Re: questions about nutch 1.9

Posted by Eyeris RodrIguez Rueda <er...@uci.cu>.
All websites in my university uci.cu are free and i don´t need proxy for access its, i only need proxy for website out of this domain, I am testing nutch 1.9 inside my university and i have use parsechecker tool and it look like if the problem only happend with https conection.
Could you give me some advice?

I was looking the DummyX509TrustManager class of protocol-httpclient but i don´t understand so much. Maybe it is needed to insert one block for trust in websites by default.

  

----- Original Message -----
From: "Markus Jelsma" <ma...@openindex.io>
To: user@nutch.apache.org
Sent: Tuesday, December 16, 2014 8:08:42 AM
Subject: RE: questions about nutch 1.9

Hmm - then maybe you can access it through a proxy that doesnt deal with this problem? Then connect Nutch to the proxy.
Markus
 
-----Original message-----
> From:Eyeris RodrIguez Rueda <er...@uci.cu>
> Sent: Tuesday 16th December 2014 14:04
> To: user@nutch.apache.org
> Subject: Re: questions about nutch 1.9
> 
> Thanks markus and jonathan for your answer.
> I have try with protocol-http only but the problem persist,maybe the solution is a configuration that trust in websites with problem in certificates.
> This is very important for me because i have some websites using https and it is a limitation for use nutch 1.9 in my university.
> 
> 
> 
> 
> ----- Original Message -----
> From: "Markus Jelsma" <ma...@openindex.io>
> To: user@nutch.apache.org
> Sent: Tuesday, December 16, 2014 7:46:54 AM
> Subject: RE: questions about nutch 1.9
> 
> Hi - can you try the protocol-http plugin instead? It has some support for TLS.
>  
> -----Original message-----
> > From:Eyeris RodrIguez Rueda <er...@uci.cu>
> > Sent: Thursday 11th December 2014 22:18
> > To: user@nutch.apache.org
> > Subject: Re: questions about nutch 1.9
> > 
> > Please any help?
> > 
> > 
> > Hello.
> > I want to use nutch 1.9 but there are some things that i don´t understand because i was using nutch 1.5.1 before and some things are changed in nutch 1.9.
> > Sorry if is a basic things.
> > Some questions:
> > 
> > 1- How i can do a crawl process with solr parameter like in nutch 1.5.1 that the spider jump this step if i don´t set solr parameter ?
> > 
> > 2- It is possible to use topN or similar parameter in nutch 1.9 or every round include all link in crawldb ?
> > 
> > 3- I have activated httpclient plugin and when i crawl a website that use https protocol i get this error in the output console 
> > *********************************
> > fetch of https://dragones.uci.cu/ failed with: javax.net.ssl.SSLHandshakeException: sun.security.validator.ValidatorException: PKIX path building failed: sun.security.provider.certpath.SunCertPathBuilderException: unable to find valid certification path to requested target
> > 
> > parsechecker tool throw similar error.
> > 
> > Please any suggestion or advice will be appreciated.
> > 
> > 
> > 
> > ---------------------------------------------------
> > XII Aniversario de la creación de la Universidad de las Ciencias Informáticas. 12 años de historia junto a Fidel. 12 de diciembre de 2014.
> > 
> 
> 
> ---------------------------------------------------
> XII Aniversario de la creación de la Universidad de las Ciencias Informáticas. 12 años de historia junto a Fidel. 12 de diciembre de 2014.
> 


---------------------------------------------------
XII Aniversario de la creación de la Universidad de las Ciencias Informáticas. 12 años de historia junto a Fidel. 12 de diciembre de 2014.

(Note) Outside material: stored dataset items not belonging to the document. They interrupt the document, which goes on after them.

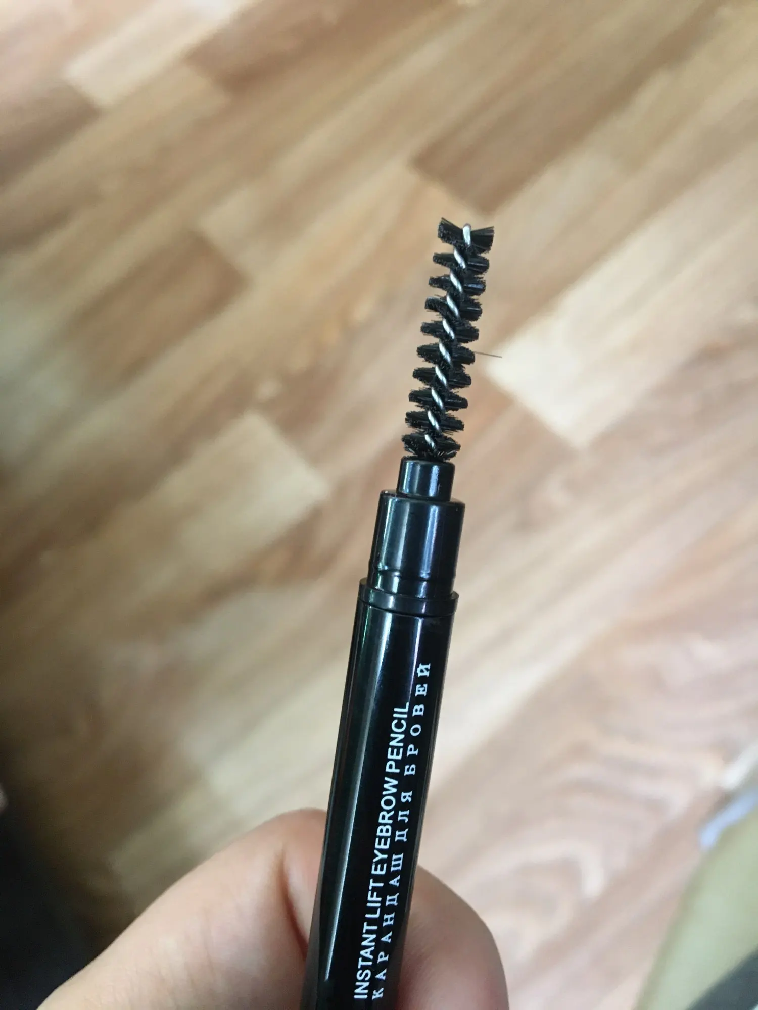 заказ шёл полтора месяца. заказы не в первый раз. карандаш твердый, красит бледненько, поэтому брови выглядят более натурально. не стойкий.
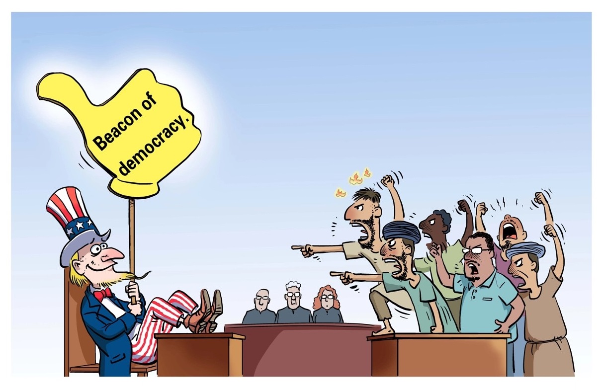 The U.S. pursues militarism under the pretext of “democracy.” It is in no position to lecture or judge others about democracy. Facing widespread denunciation by refugees and migrants from many countries, the U.S. should be put in the dock.
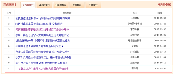 在新浪每周新闻排行中,““专业上访户”撞死3人:被指为达目的不怕坐牢“这条新闻占据该榜单第十位,并且收到了多达3万条评论,可见,社会各界对于此次事件给予高度的关注。
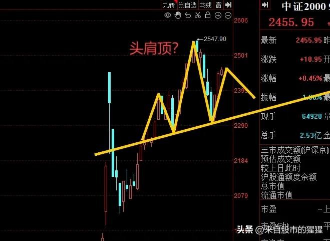 第三,最近两天市场表现的比较火的小盘题材个股,我认为短线已经拉升到位。尤其是代表小盘个股走势的中证2000指数。我认为目前具有潜在的头肩顶的可能性。大家请看下图——中证2000日k线图。
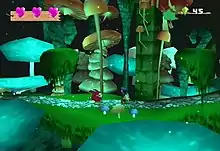 The gameplay of Klonoa 2: Lunatea's Veil is comparable to its predecessor Klonoa: Door to Phantomile,[1] consisting of standard platforming stages and boss battles, as well as board-riding stages. After a specific point in the game, the player has the option of choosing which stage, or "Vision", to play on the game's world map. For most of the game, the player is restricted to a side-scrolling 2D path in a 3D environment, with the ability to move left, right, up, or down. The player can also turn toward or away from the screen to interact with or throw things at objects in the foreground or background. In the standard stages the goal is to reach the end of level by means of using the enemies to overcome obstacles and solve puzzles. Klonoa has a limited amount of health in the form of hearts, which is reduced when coming in contact with enemies and certain obstacles.
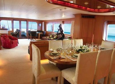 111' (34m) Motor Vessel; Fully Air conditioned; 8 to 10 Guests in 4 to 5 beautifully appointed cabins. Master Suite with his and her bathrooms; A deck level Master with Shower, one VIP double with ensuite; and a Twin cabin interleading into a childrens cabin (sharing one bathroom). A Deluxe vessel.
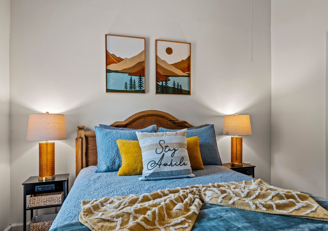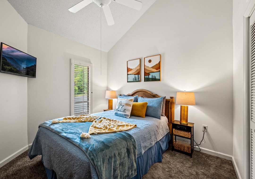 ✔ Bedroom #1 (Main Level): Comfy Queen Bedroom with Flat-screen TV; Access to Hallway Full Bathroom with Shower/Tub Combo
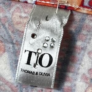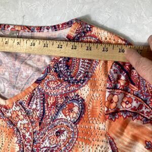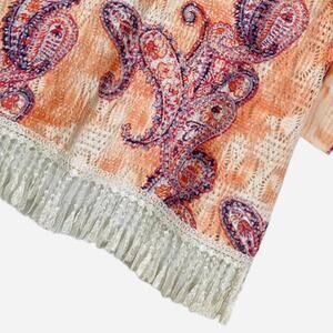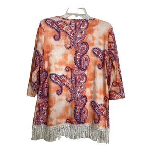 Lightweight stretch knit orange paisley pullover top. V-Neck with 3/4 sleeves. Openwork with lining and lace fringe hem.
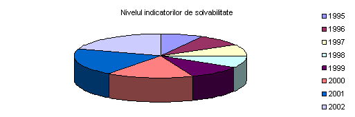 La 31.12.2002, nivelul agregat al indicatorilor de solvabilitate era de 24,8%, fiind astfel cu mult peste limita de 12% ceruta de reglementarile BNR sau minimul de opt la suta acceptat pe plan international. Cresterea puternica a indicatorului de solvabilitate in ultimi doi ani reflecta in principal masurile de recapitalizare a unor banci cu capital de stat si majorarea capitalului minim obligatoriu impusa celorlalte banci de BNR.
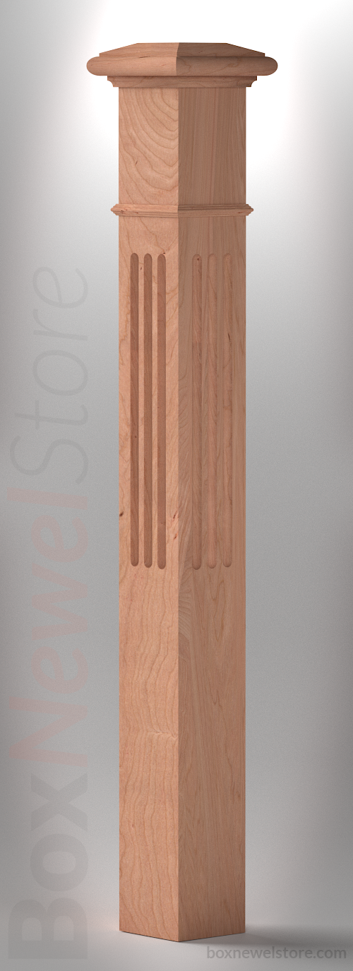 Classic Cherry Box Newel, SFI Classic Cap with Cove, Flute Panels, Pencil Mold Trimband
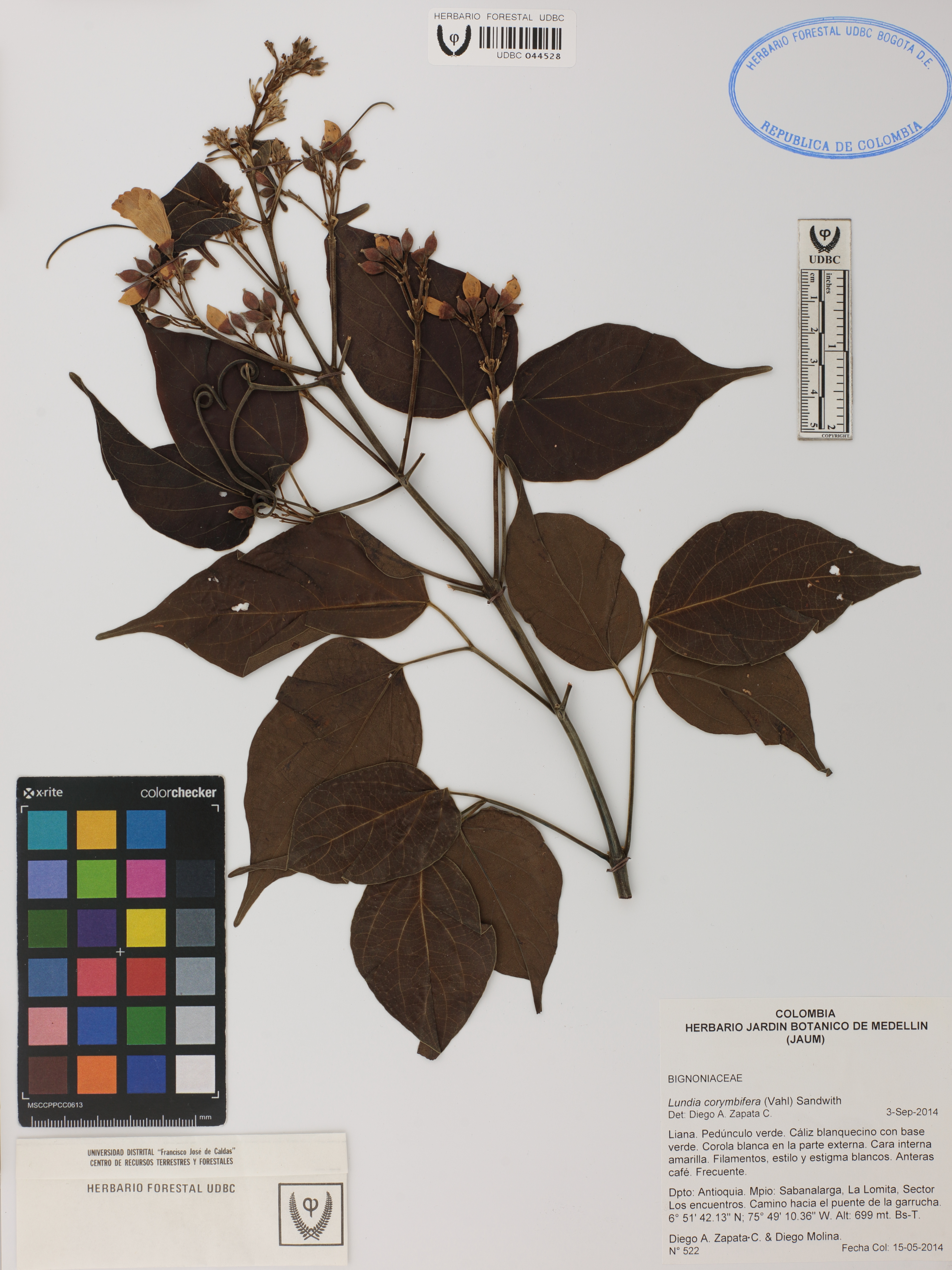 | dc.description | Fotografía del ejemplar Zapata-C., D. 522, determinado como Lundia corymbifera en el año 2014 | |
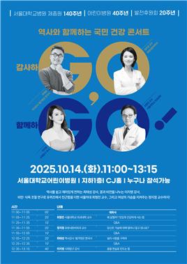서울대병원(원장 김영태)이 오는 14일(화) 오전 11시부터 13시 30분까지, 어린이병원 CJ홀에서 ‘2025 역사와 함께하는 국민 건강 콘서트’를 개최한다.
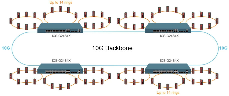또한, 높은 포트 밀도와 GbE 또는 10GbE 고속 업링크를 갖춘 ICS-G24S4X 및 ICS-G24S2X는 코어 레이어 또는 백본 애플리케이션을 위한 안정적이고 확장 가능한 솔루션입니다.
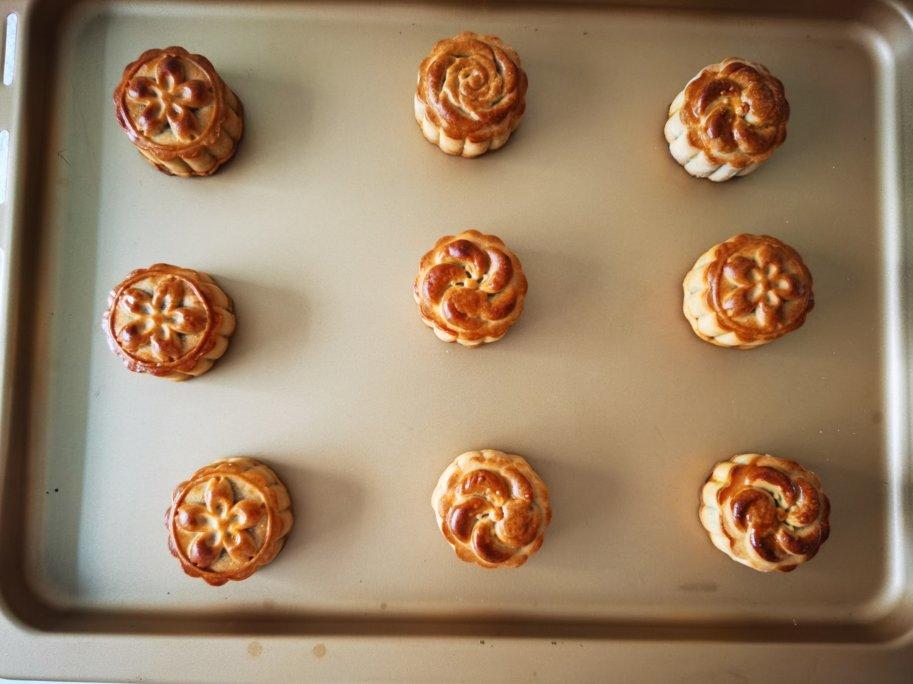 买的睿香的板栗馅,第一次用了深盘烤出来颜色比较深,听水水建议换了浅盘就好多了,放了一夜回油了,饼皮变得柔软,方子太赞啦
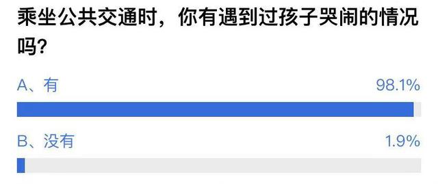 实际上,在乘坐公共交通工具时遇到孩子哭闹的情况十分常见。调查结果显示,有98%的受访网友均表示,在乘坐公共交通工具时遇到过孩子哭闹。面对这样的情况,虽然有少数人会选择帮忙哄孩子或者找孩子的父母解决,但有超过7成的受访网友还是选择理解并忍耐。

RE: questions about nutch 1.9

Posted by Markus Jelsma <ma...@openindex.io>.
Hmm - then maybe you can access it through a proxy that doesnt deal with this problem? Then connect Nutch to the proxy.
Markus
 
-----Original message-----
> From:Eyeris RodrIguez Rueda <er...@uci.cu>
> Sent: Tuesday 16th December 2014 14:04
> To: user@nutch.apache.org
> Subject: Re: questions about nutch 1.9
> 
> Thanks markus and jonathan for your answer.
> I have try with protocol-http only but the problem persist,maybe the solution is a configuration that trust in websites with problem in certificates.
> This is very important for me because i have some websites using https and it is a limitation for use nutch 1.9 in my university.
> 
> 
> 
> 
> ----- Original Message -----
> From: "Markus Jelsma" <ma...@openindex.io>
> To: user@nutch.apache.org
> Sent: Tuesday, December 16, 2014 7:46:54 AM
> Subject: RE: questions about nutch 1.9
> 
> Hi - can you try the protocol-http plugin instead? It has some support for TLS.
>  
> -----Original message-----
> > From:Eyeris RodrIguez Rueda <er...@uci.cu>
> > Sent: Thursday 11th December 2014 22:18
> > To: user@nutch.apache.org
> > Subject: Re: questions about nutch 1.9
> > 
> > Please any help?
> > 
> > 
> > Hello.
> > I want to use nutch 1.9 but there are some things that i don´t understand because i was using nutch 1.5.1 before and some things are changed in nutch 1.9.
> > Sorry if is a basic things.
> > Some questions:
> > 
> > 1- How i can do a crawl process with solr parameter like in nutch 1.5.1 that the spider jump this step if i don´t set solr parameter ?
> > 
> > 2- It is possible to use topN or similar parameter in nutch 1.9 or every round include all link in crawldb ?
> > 
> > 3- I have activated httpclient plugin and when i crawl a website that use https protocol i get this error in the output console 
> > *********************************
> > fetch of https://dragones.uci.cu/ failed with: javax.net.ssl.SSLHandshakeException: sun.security.validator.ValidatorException: PKIX path building failed: sun.security.provider.certpath.SunCertPathBuilderException: unable to find valid certification path to requested target
> > 
> > parsechecker tool throw similar error.
> > 
> > Please any suggestion or advice will be appreciated.
> > 
> > 
> > 
> > ---------------------------------------------------
> > XII Aniversario de la creación de la Universidad de las Ciencias Informáticas. 12 años de historia junto a Fidel. 12 de diciembre de 2014.
> > 
> 
> 
> ---------------------------------------------------
> XII Aniversario de la creación de la Universidad de las Ciencias Informáticas. 12 años de historia junto a Fidel. 12 de diciembre de 2014.
> 

Re: questions about nutch 1.9

Posted by Eyeris RodrIguez Rueda <er...@uci.cu>.
Thanks markus and jonathan for your answer.
I have try with protocol-http only but the problem persist,maybe the solution is a configuration that trust in websites with problem in certificates.
This is very important for me because i have some websites using https and it is a limitation for use nutch 1.9 in my university.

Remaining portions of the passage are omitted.